At 17 -- 18 next month she offers -- the San Mateo High School senior already has a history of social work, including trying to buy cigarettes as part of a youth club sting operation. It began about three years ago, when she attended a school club meeting where they discussed youth empowerment and tobacco.
``I knew tobacco had health problems, but they said it was a social justice issue how they target Third World countries,'' Ashley said. Growing up outside Shanghai, she saw it everywhere. ``Smoking, I thought it was normal. Everybody smoked in my neighborhood -- at home, at restaurants.''
Her paternal grandfather had died of lung cancer. Her father still smokes. In their native China, photos of a cowboy loomed from newspapers, magazines and billboards, said Ashley, who had ``thought America was like the Marlboro Man.''
Some of Ashley's classmates smoked too and were occasionally fined. The social group she belongs to -- Youth Organizing San Mateo County, commonly referred to as YO Mateo -- decided to organize stings to catch shopkeepers who were selling cigarettes to minors.
Ashley herself went to about 30 stores in San Mateo. Throughout the sting, teenagers discovered they could buy cigarettes about a third of the time.
``When my 13-year-old brother did it -- crazy -- he got some, too,'' she said.

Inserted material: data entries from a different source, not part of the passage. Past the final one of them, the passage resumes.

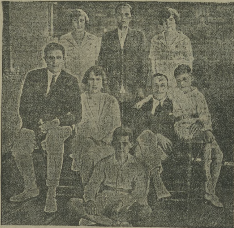
hin ab, sich an den Wahlen zur Verfassung gebenden Nationalversammlung zu beteiligen. Sie erklären, die Revolution ist nur aufgeschoben, nicht gescheitert. Die neue Regierung versucht es also vorläufig mit dem Fortwursteln. — Unser Bild zeigt den König Alfons mit seiner Gattin und den sechs Kindern. Auch wenn der Mann „arbeitslos“ werden sollte, werden seine Kinderchen nicht verhungern.

König Alfons von Spanien hat seinen mackelnden Thron noch einmal gerettet. Der Admiral Ugarr hat doch noch eine reaktionäre, monarchistische Regierung zusammengebracht. Diese neue Regierung versucht es, Wohlgefallen bei den Republikanern und Sozialisten zu finden. Es gelingt ihr aber nicht. Die Linksparteien lehnen es weiter-
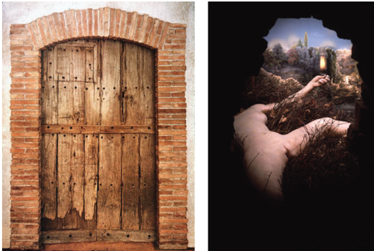
Imagen 2. Datos: 1° La cascada 2° El gas de alumbrado (1946-1966)

Fuente: Philadelphia Museum of Art, Artists Rights Society (ARS), New York, 2014.
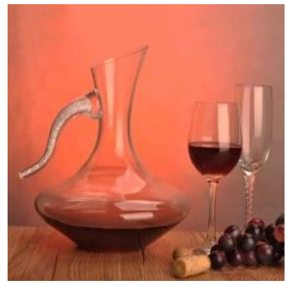
Qualità del vino soffiato a mano decanter
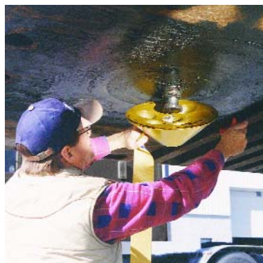
GLISSER LE SABOT SUR LE PIVOT D'ATTELAGE DE LA SEMI-REMORQUE.
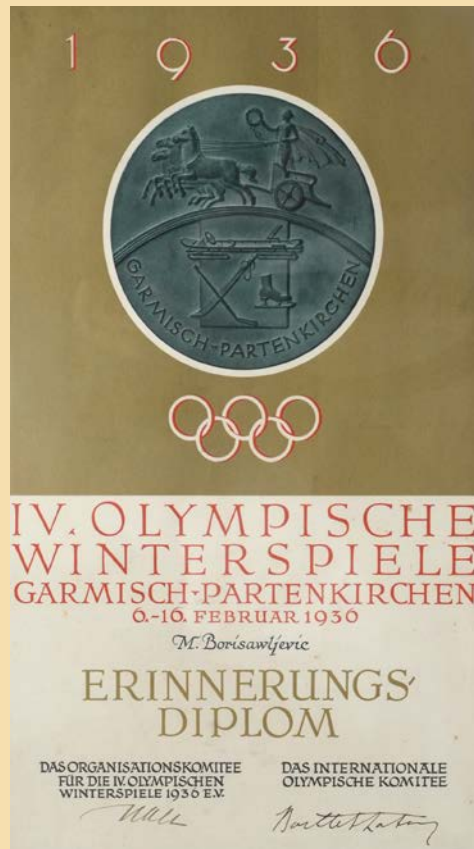
Диплома Организационог олимпијског комитета са Зимских олимпијских игара 1936. године
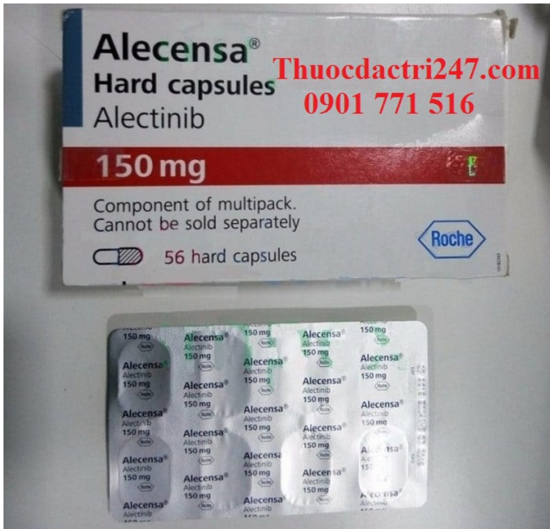
Thuốc alecensa 150mg alectinib điều trị ung thư phổi – Thuốc đặc trị 247 (2)

Bolstered with statistics, the group persuaded San Mateo County last summer to raise the permit fees for selling tobacco from $25 every five years to $35 a year and make it easier to suspend those selling privileges if the retailer broke any laws.
Later this month, Ashley will speak at the stockholder meeting of Altria -- the company that owns Philip Morris, home of the Marlboro Man. Members of her youth group purchased shares so that they could attend.